> _Work item_
What is wanted is every line below from the one with "Soil sample preparation: (a)" up to and including the one with "Проект двухэтажного каркасного", retyped exactly, pictures excluded, nothing else.

> _Provided records_
§

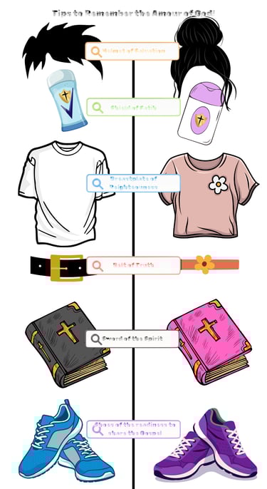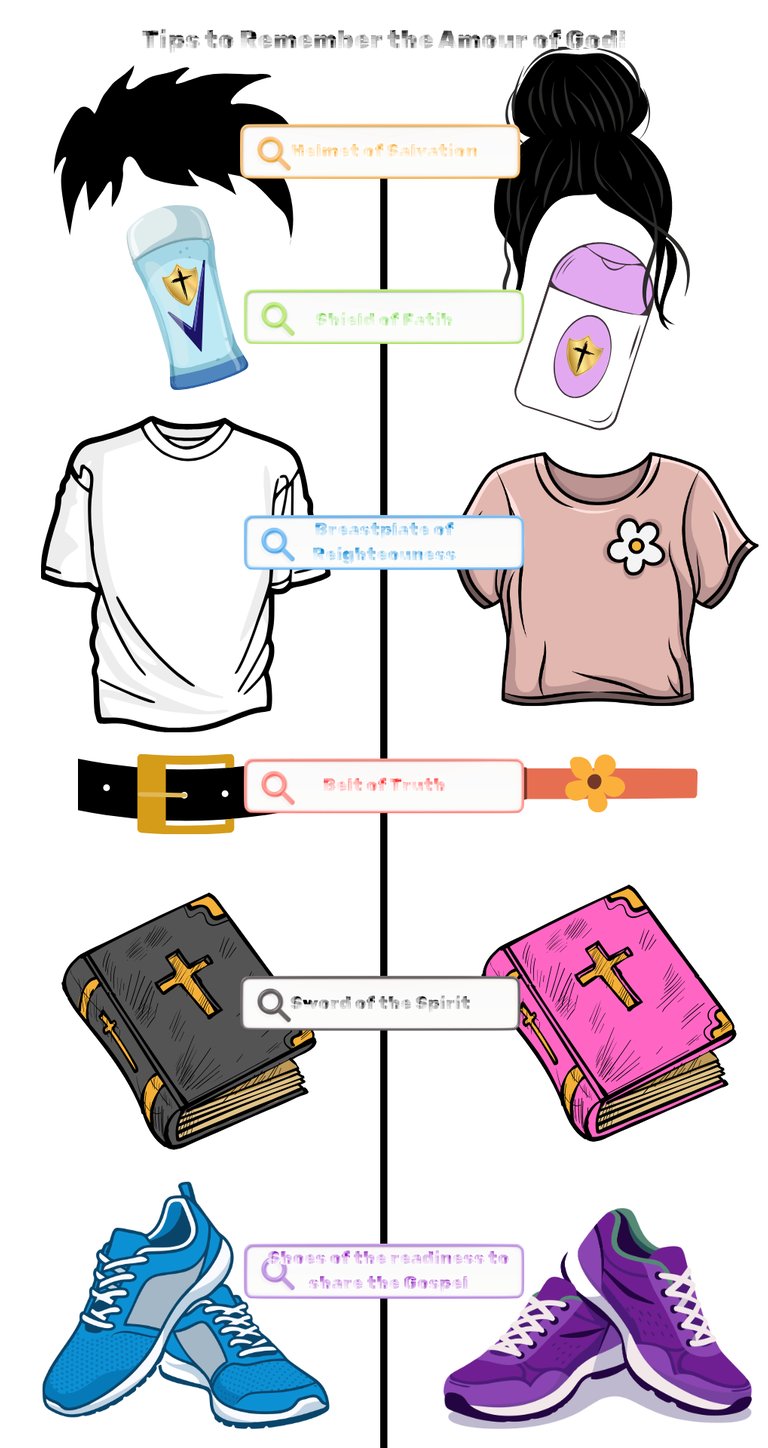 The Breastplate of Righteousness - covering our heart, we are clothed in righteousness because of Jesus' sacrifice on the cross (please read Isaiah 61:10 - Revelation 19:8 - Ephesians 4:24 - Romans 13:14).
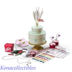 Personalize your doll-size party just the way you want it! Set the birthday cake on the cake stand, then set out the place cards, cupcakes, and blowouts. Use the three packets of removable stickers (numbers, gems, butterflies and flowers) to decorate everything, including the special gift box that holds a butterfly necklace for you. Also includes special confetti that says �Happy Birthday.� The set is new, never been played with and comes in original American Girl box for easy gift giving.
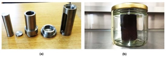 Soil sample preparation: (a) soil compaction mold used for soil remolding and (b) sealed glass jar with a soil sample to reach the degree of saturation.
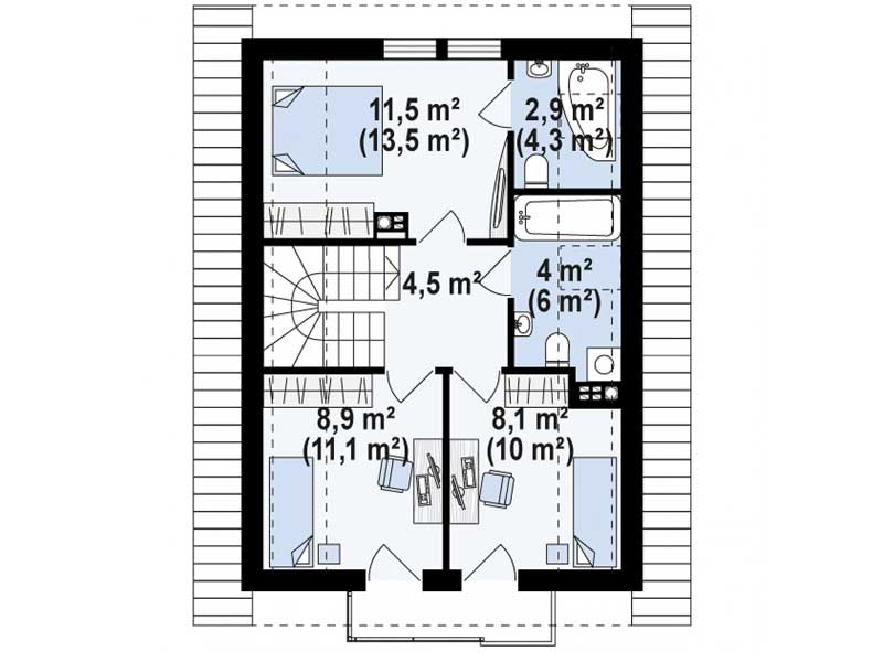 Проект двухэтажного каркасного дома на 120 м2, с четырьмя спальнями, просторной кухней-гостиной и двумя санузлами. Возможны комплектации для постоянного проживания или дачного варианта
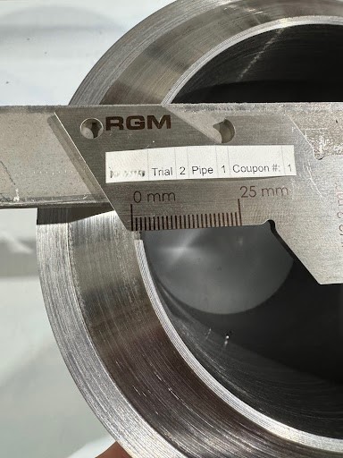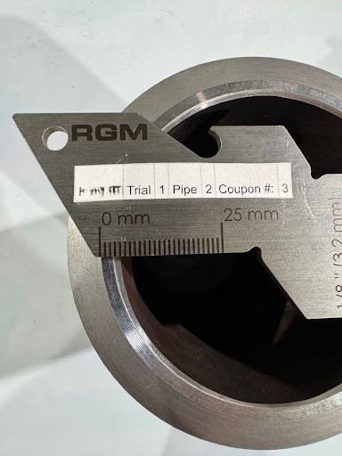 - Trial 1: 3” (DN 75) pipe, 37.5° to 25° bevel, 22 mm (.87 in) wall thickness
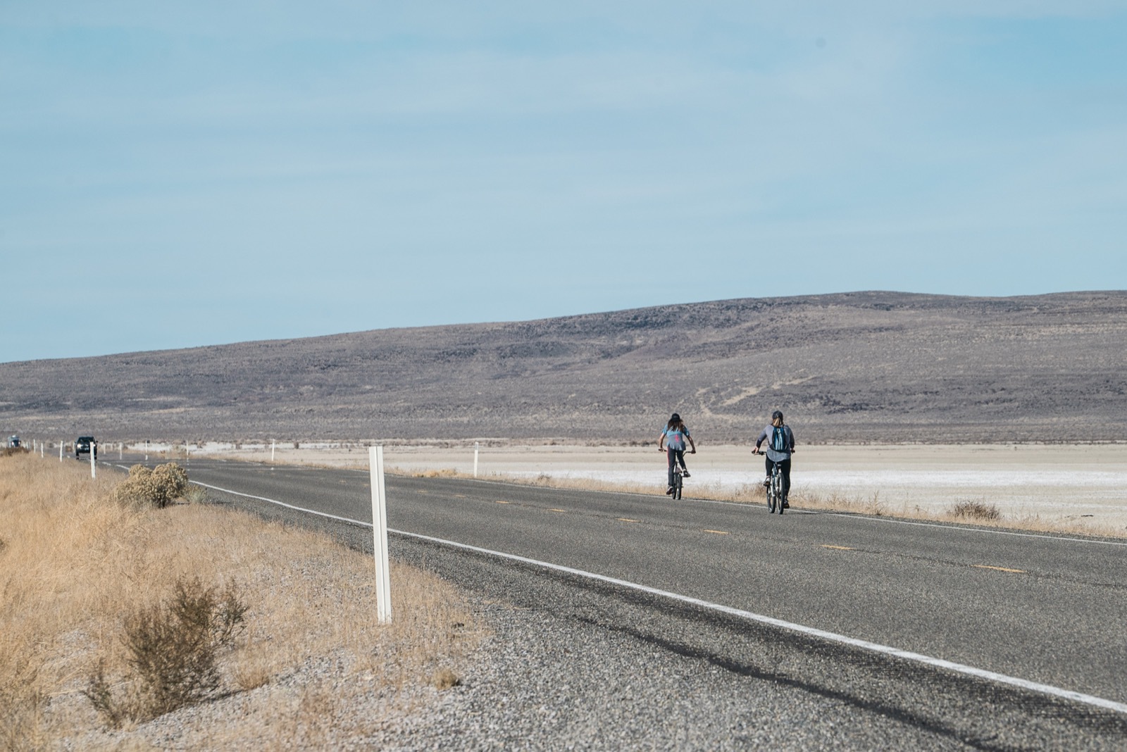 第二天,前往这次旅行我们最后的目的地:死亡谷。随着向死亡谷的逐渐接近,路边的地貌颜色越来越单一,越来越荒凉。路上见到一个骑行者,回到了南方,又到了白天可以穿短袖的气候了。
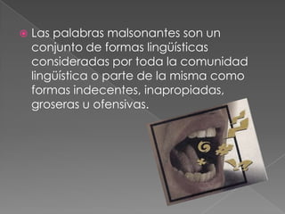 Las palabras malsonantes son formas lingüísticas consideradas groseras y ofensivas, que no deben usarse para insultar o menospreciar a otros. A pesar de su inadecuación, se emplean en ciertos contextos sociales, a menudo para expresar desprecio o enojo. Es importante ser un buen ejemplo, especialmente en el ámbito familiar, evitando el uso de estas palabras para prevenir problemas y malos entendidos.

§

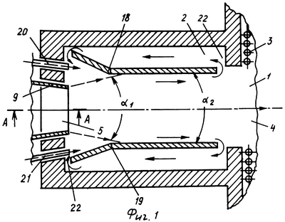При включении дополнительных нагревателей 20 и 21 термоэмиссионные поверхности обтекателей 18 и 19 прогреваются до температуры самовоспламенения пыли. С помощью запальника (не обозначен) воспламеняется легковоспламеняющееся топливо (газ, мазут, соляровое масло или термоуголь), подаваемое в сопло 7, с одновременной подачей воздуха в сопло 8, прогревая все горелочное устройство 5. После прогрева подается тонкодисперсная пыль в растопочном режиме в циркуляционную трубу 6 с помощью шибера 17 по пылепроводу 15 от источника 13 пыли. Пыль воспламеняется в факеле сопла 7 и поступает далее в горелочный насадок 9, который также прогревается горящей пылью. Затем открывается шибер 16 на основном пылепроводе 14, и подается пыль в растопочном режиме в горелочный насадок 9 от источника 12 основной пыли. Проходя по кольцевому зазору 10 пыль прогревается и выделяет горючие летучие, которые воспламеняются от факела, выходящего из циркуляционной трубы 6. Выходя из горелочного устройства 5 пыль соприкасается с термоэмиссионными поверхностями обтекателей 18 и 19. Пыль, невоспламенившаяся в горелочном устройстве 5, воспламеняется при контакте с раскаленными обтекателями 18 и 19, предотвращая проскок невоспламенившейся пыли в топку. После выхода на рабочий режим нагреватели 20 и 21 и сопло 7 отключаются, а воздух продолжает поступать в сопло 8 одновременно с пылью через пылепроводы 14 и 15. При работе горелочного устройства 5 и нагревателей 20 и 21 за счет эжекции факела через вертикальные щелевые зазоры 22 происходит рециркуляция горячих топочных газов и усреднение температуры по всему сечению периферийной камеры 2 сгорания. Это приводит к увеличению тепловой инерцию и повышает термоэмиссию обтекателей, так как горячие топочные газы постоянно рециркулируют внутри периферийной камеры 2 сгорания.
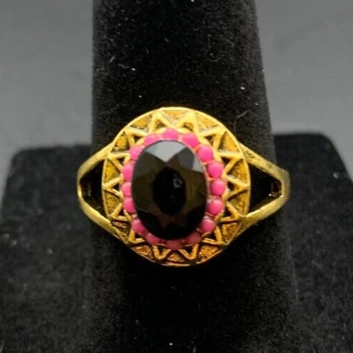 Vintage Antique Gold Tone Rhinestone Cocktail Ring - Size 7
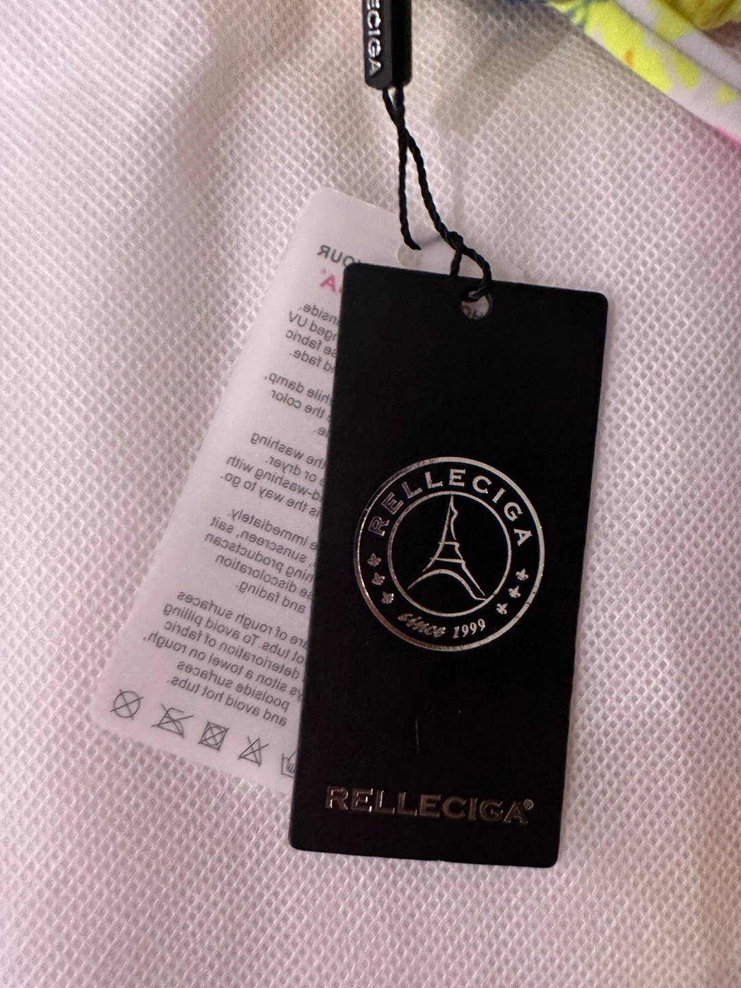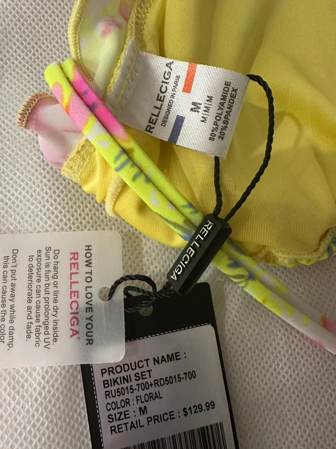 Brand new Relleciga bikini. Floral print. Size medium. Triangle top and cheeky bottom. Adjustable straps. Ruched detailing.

§

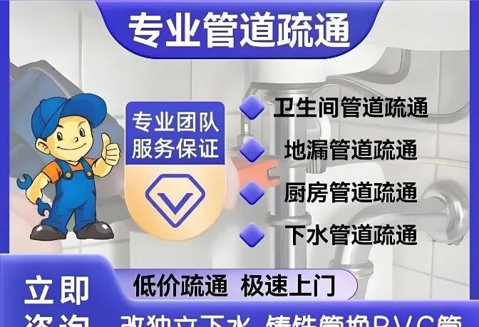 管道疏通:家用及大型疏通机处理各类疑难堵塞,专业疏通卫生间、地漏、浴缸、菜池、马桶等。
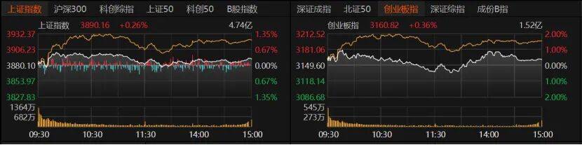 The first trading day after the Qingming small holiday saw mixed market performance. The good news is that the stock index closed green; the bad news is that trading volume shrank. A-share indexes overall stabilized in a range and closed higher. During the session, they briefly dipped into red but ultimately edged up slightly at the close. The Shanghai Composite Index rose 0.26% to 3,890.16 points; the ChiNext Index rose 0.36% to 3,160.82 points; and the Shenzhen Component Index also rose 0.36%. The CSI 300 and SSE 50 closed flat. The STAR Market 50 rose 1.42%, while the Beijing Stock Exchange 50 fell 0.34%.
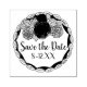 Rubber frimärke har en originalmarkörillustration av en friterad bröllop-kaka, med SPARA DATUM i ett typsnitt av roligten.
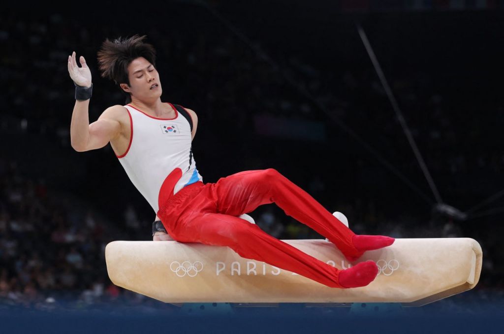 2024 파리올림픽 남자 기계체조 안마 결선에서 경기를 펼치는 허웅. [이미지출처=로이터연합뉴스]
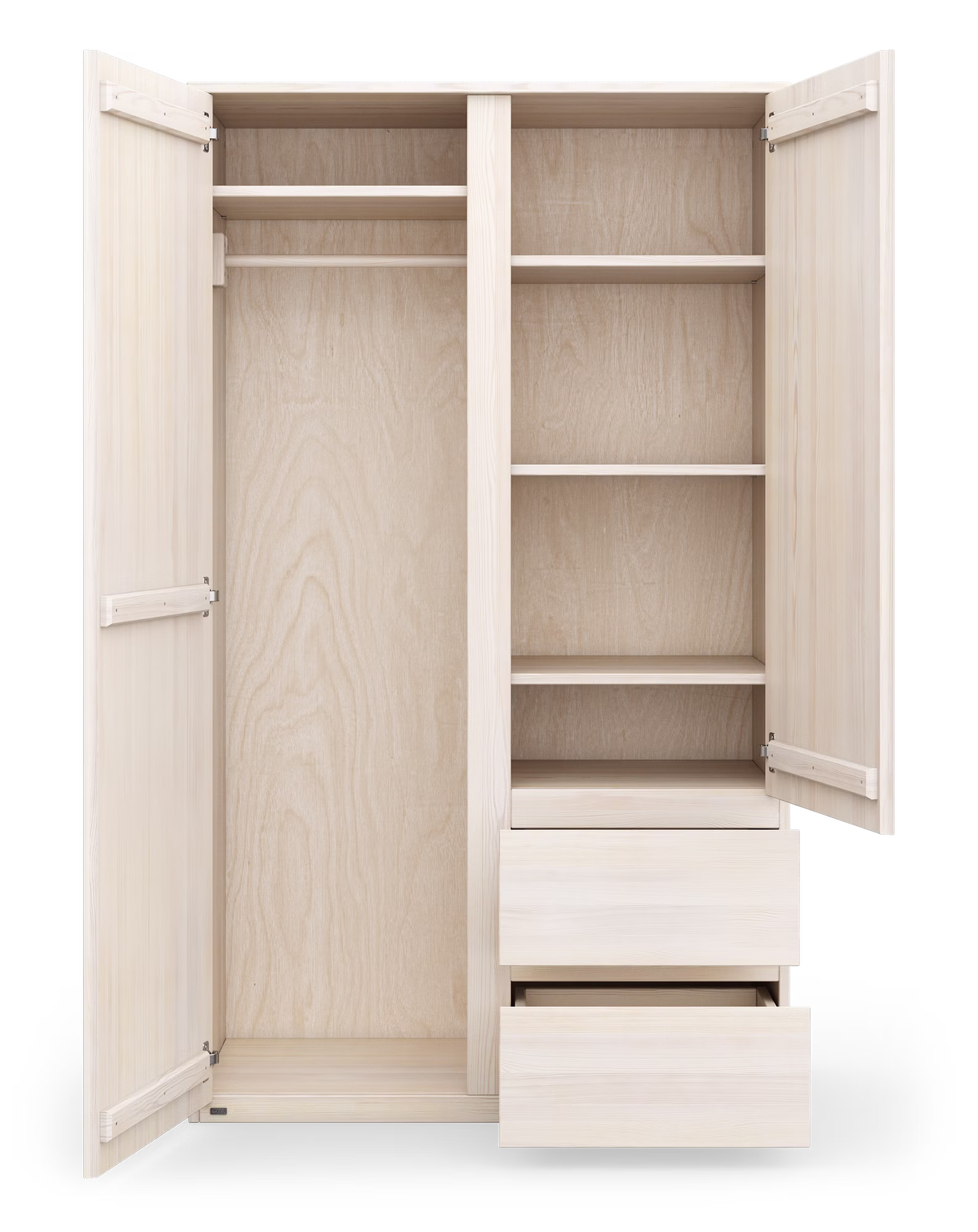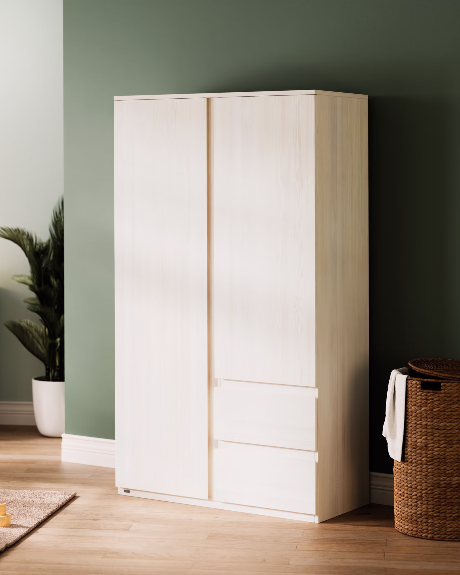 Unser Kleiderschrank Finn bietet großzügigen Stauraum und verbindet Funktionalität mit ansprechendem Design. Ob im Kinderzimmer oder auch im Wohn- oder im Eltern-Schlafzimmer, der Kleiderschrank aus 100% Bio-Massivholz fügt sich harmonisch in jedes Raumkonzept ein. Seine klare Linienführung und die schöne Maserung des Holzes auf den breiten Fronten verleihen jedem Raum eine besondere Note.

§

> _Response_
 Soil sample preparation: (a) soil compaction mold used for soil remolding and (b) sealed glass jar with a soil sample to reach the degree of saturation.
 Проект двухэтажного каркасного дома на 120 м2, с четырьмя спальнями, просторной кухней-гостиной и двумя санузлами. Возможны комплектации для постоянного проживания или дачного варианта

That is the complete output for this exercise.